**Data shown**
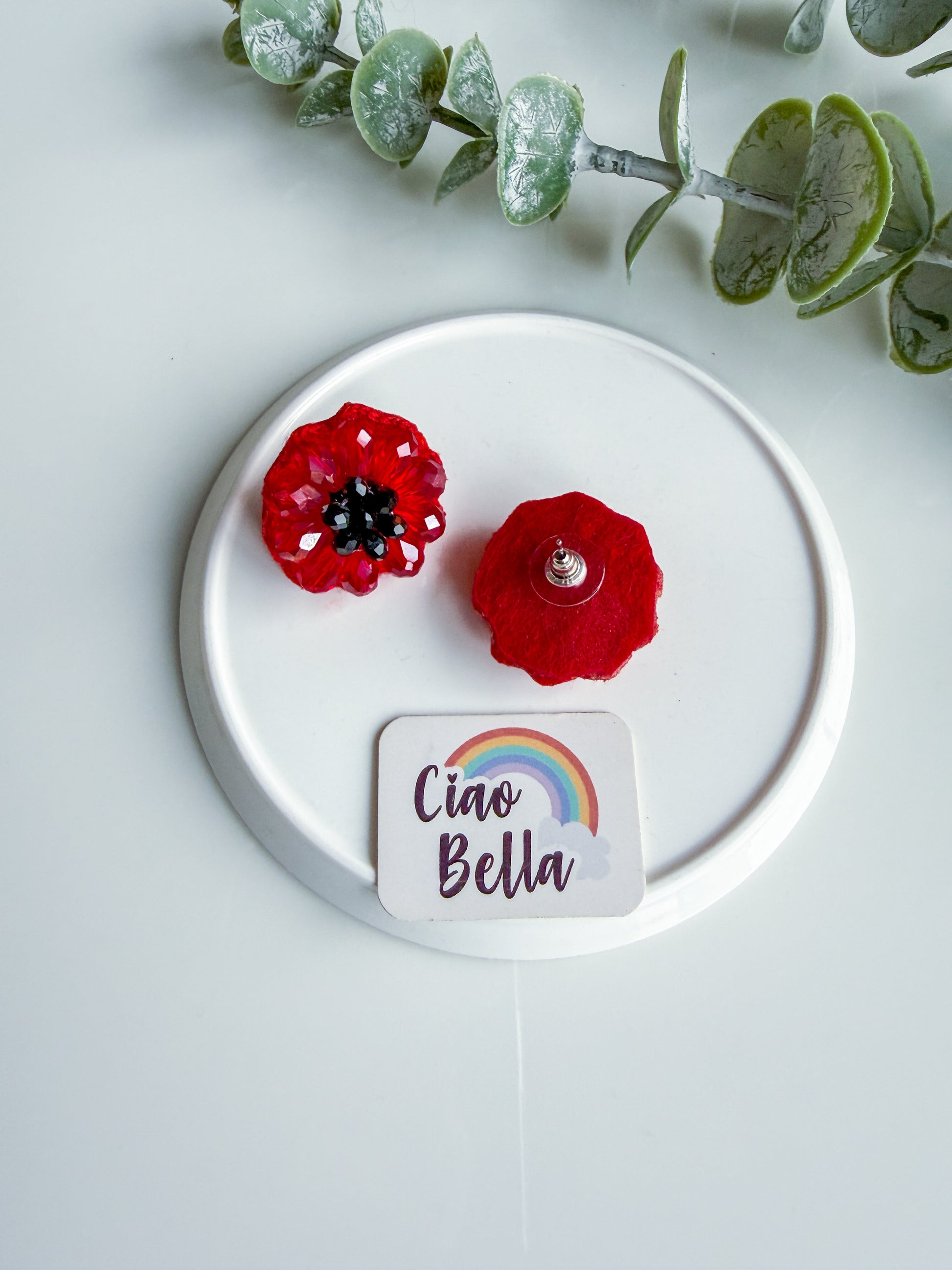 Earrings: Stud Earrings, Length: 3 CM; Width: 3 CM, Material: Beads Embroidery, Felt Backing
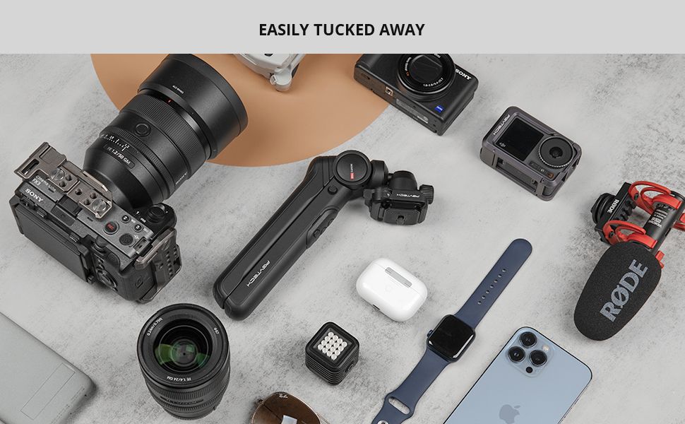A Mini smartphone holder can be purchased separately and housed in the tripod leg for enhanced compactness and functionality; And the rotatable cold shoe on the side allows photographers to enhance their creativity by adding accessories like lights or microphones.
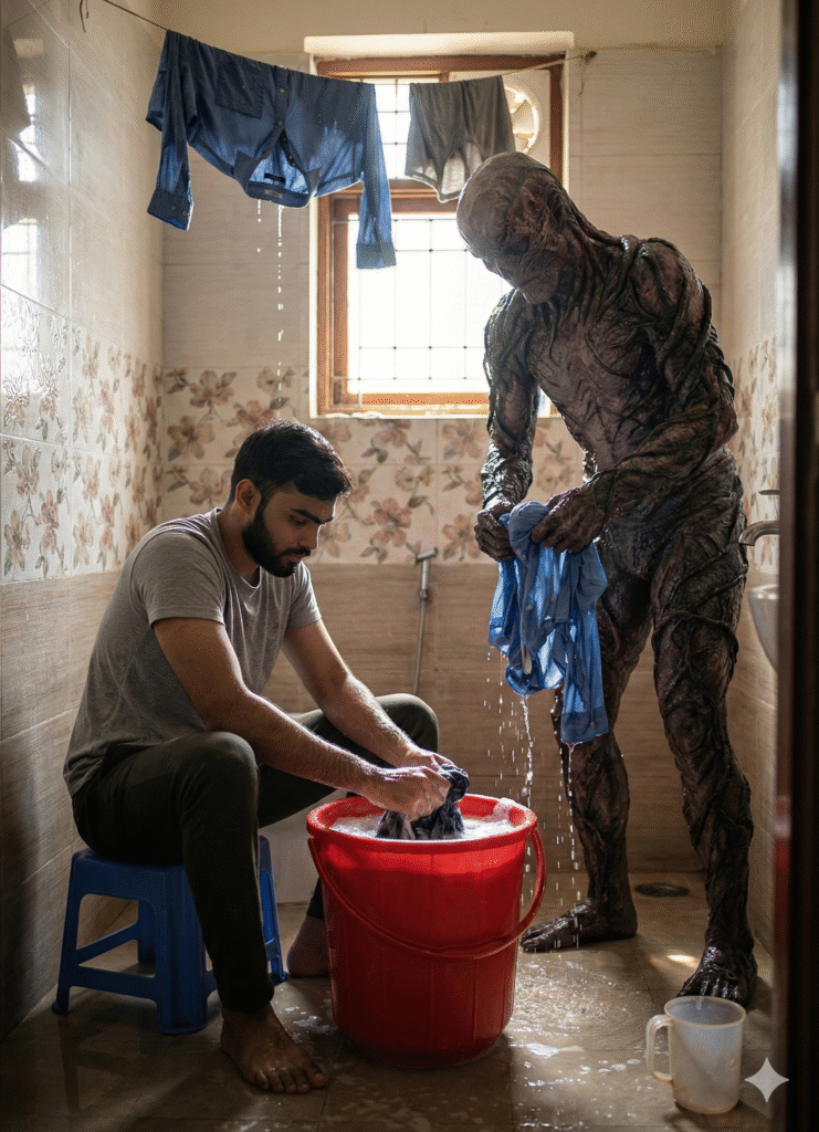 Next to me stands a tall, detailed Vecna-style creature (from Stranger Things), covered in dark organic vines and twisted skin, completely wet as if helping with washing clothes. Vecna is squeezing a soaked shirt, water dripping from his hands.Maintain the same room style: tiled walls with floral border, window light behind Vecna, hanging wet clothes on a rope, water on the floor.Keep the cinematic soft light, warm realism, shallow depth of field, detailed textures, moisture, reflections, and natural shadows exactly like the reference. Ultra-realistic, 50mm lens, documentary style, high detail, atmospheric realism.”
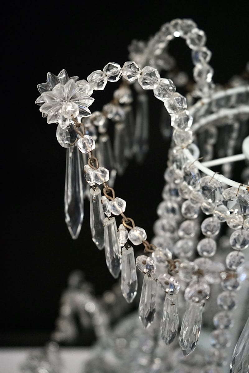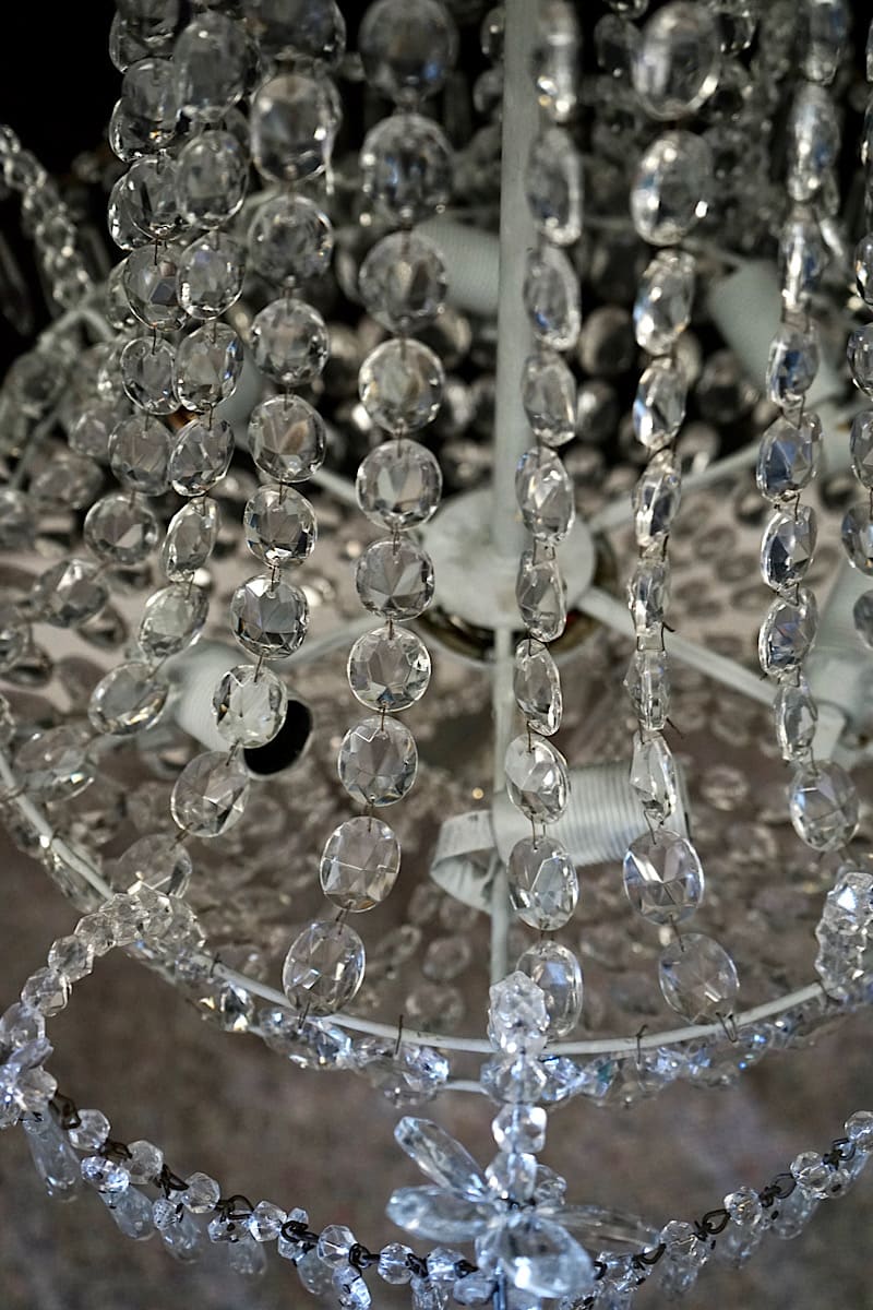 An elegant Louis XVI or neoclassical style cascade chandelier in hand-faceted crystal and glass. Six internal bulb fittings, rewired to NZ standards.

**Exercise**
Return the data above unchanged. Pictures are not part of the copy.

**Answer section**
 Earrings: Stud Earrings, Length: 3 CM; Width: 3 CM, Material: Beads Embroidery, Felt Backing
A Mini smartphone holder can be purchased separately and housed in the tripod leg for enhanced compactness and functionality; And the rotatable cold shoe on the side allows photographers to enhance their creativity by adding accessories like lights or microphones.
 Next to me stands a tall, detailed Vecna-style creature (from Stranger Things), covered in dark organic vines and twisted skin, completely wet as if helping with washing clothes. Vecna is squeezing a soaked shirt, water dripping from his hands.Maintain the same room style: tiled walls with floral border, window light behind Vecna, hanging wet clothes on a rope, water on the floor.Keep the cinematic soft light, warm realism, shallow depth of field, detailed textures, moisture, reflections, and natural shadows exactly like the reference. Ultra-realistic, 50mm lens, documentary style, high detail, atmospheric realism.”
 An elegant Louis XVI or neoclassical style cascade chandelier in hand-faceted crystal and glass. Six internal bulb fittings, rewired to NZ standards.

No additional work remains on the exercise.